The hydraulic cylinders of the two working rolls are arranged anti-parallel with respect to the plane containing the working roll axes. One connecting point of the hydraulic cylinder is connected to a lever arm of an angular or bell-crank lever. The axial-bearing housing is connected by a rod at a horizontal pivot normally aligned with the working roll axis to the other lever arm.

The opposite or other connecting eye of the hydraulic cylinder is connected by means of a pin to a fixed frame and/or a frame beam of the roll stand.

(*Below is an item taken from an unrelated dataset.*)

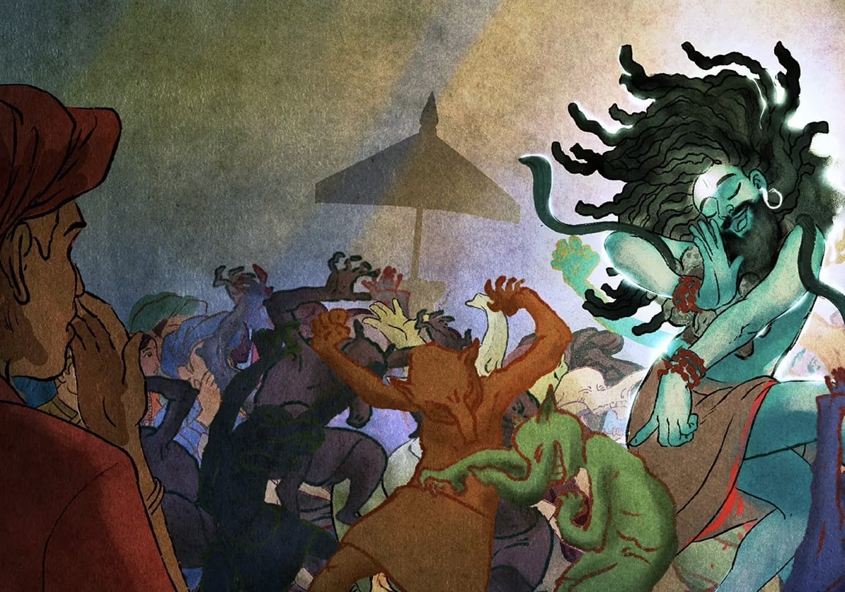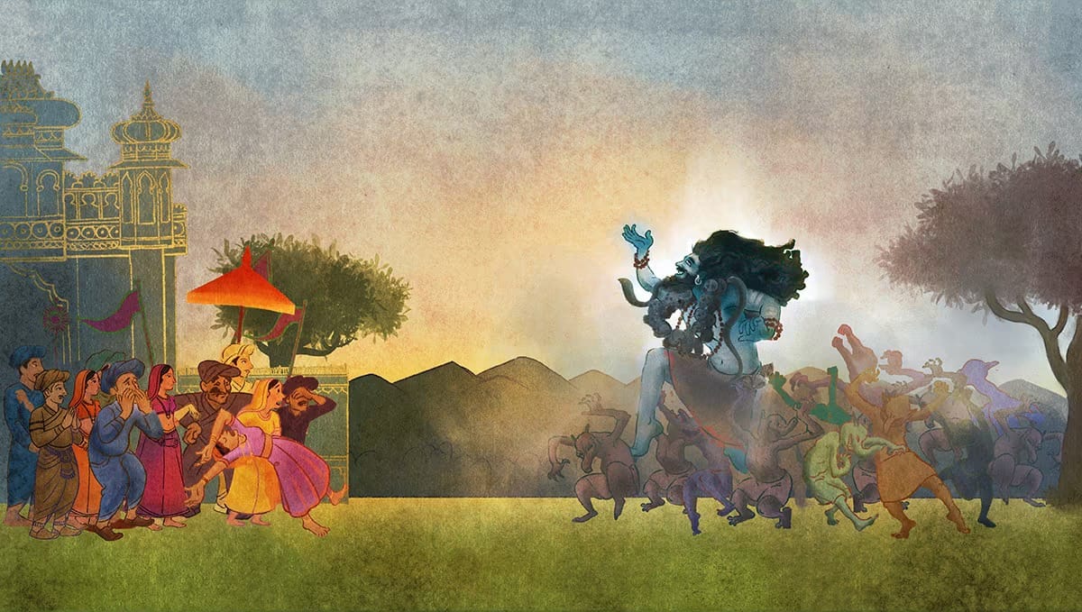 Adiyogi llegó, con sus casi 2,80 metros de altura, su cuerpo envuelto en una piel de elefante que todavía goteaba sangre. Lo acompañaban todos sus amigos, un grupo de duendes sin forma que creaban una cacofonía de ruido, diferente de cualquier lenguaje humano. Todos estaban muy ebrios, y Adiyogi entró como un elefante. La madre de Párvati, Mina, miró esto y dijo: «¿Qué? ¿Este es el hombre con el que se casará mi hija?». Incapaz de imaginarlo, perdió el conocimiento.

One lever arm of the angular lever advantageously in a forklike manner engages an eye of the associated hydraulic cylinder. The angled lever arms can form two parallel arms which laterally bracket the bearing housing as well as the spindle head. These arms are connected by means of the rods, respectively on both sides to the bearing housings.

The spindle head has wedge-shaped guides diverging toward the roll and form-locking engageable wedge plates on a flattened stub or stub following the centering roll portion. These plates are supported axially between two annular collar surfaces of the roll journal portion and during extraction of the spindle head release themselves radially from these spindle heads.

One of the annular collar surfaces is formed by a step of the roll journal portion and the other is formed by a projecting flank of a ring which is fitted onto the roll journal portion.

The spindle head has springs with or without centering pins which serve to stress the projections of the wedge plates generally axially in the direction towards the bearing housing.

Releasable holding elements can be associated with the spindle head. These holding elements can include hydraulic cylinders which operate holding jaws swingable by lever arms towards the spindle head.

The holding jaws can include projecting clamping bars which can form-locking engage in grooves of the spindle head. The holding element can be associated with tie bars which release the holding element in the retracted condition for removal and in a first relative position with respect to guide bars non-removably lock the holding element with clearance, while in a second relative position the holding elements are released for axial shifting.

The bearing housings can include guide bars adapted to engage into the horizontal guides of the guide pieces. The bearing housings can be connected to guide strips of the radial bearing by connecting bars and links.

The above and other objects, features and advantages of my present invention will become more readily apparent from the following description, reference being made to the accompanying highly diagrammatic drawing, in which:

FIG. 1 is a schematic horizontal section through a rolling mill frame in which the rolls are shown in part only, and wherein the spindle heads are fixed for introduction of the rolls; and

FIG. 2 is a drive-side view partly broken away of two roll journal portions with the associated spindle heads in an offset vertical section taken along the upper horizontal axis of symmetry along the central axis of the roll and the spindle, and beneath the axis of symmetry in front of the holding element, as well as the spindle head, through the linking pins of a connecting rod.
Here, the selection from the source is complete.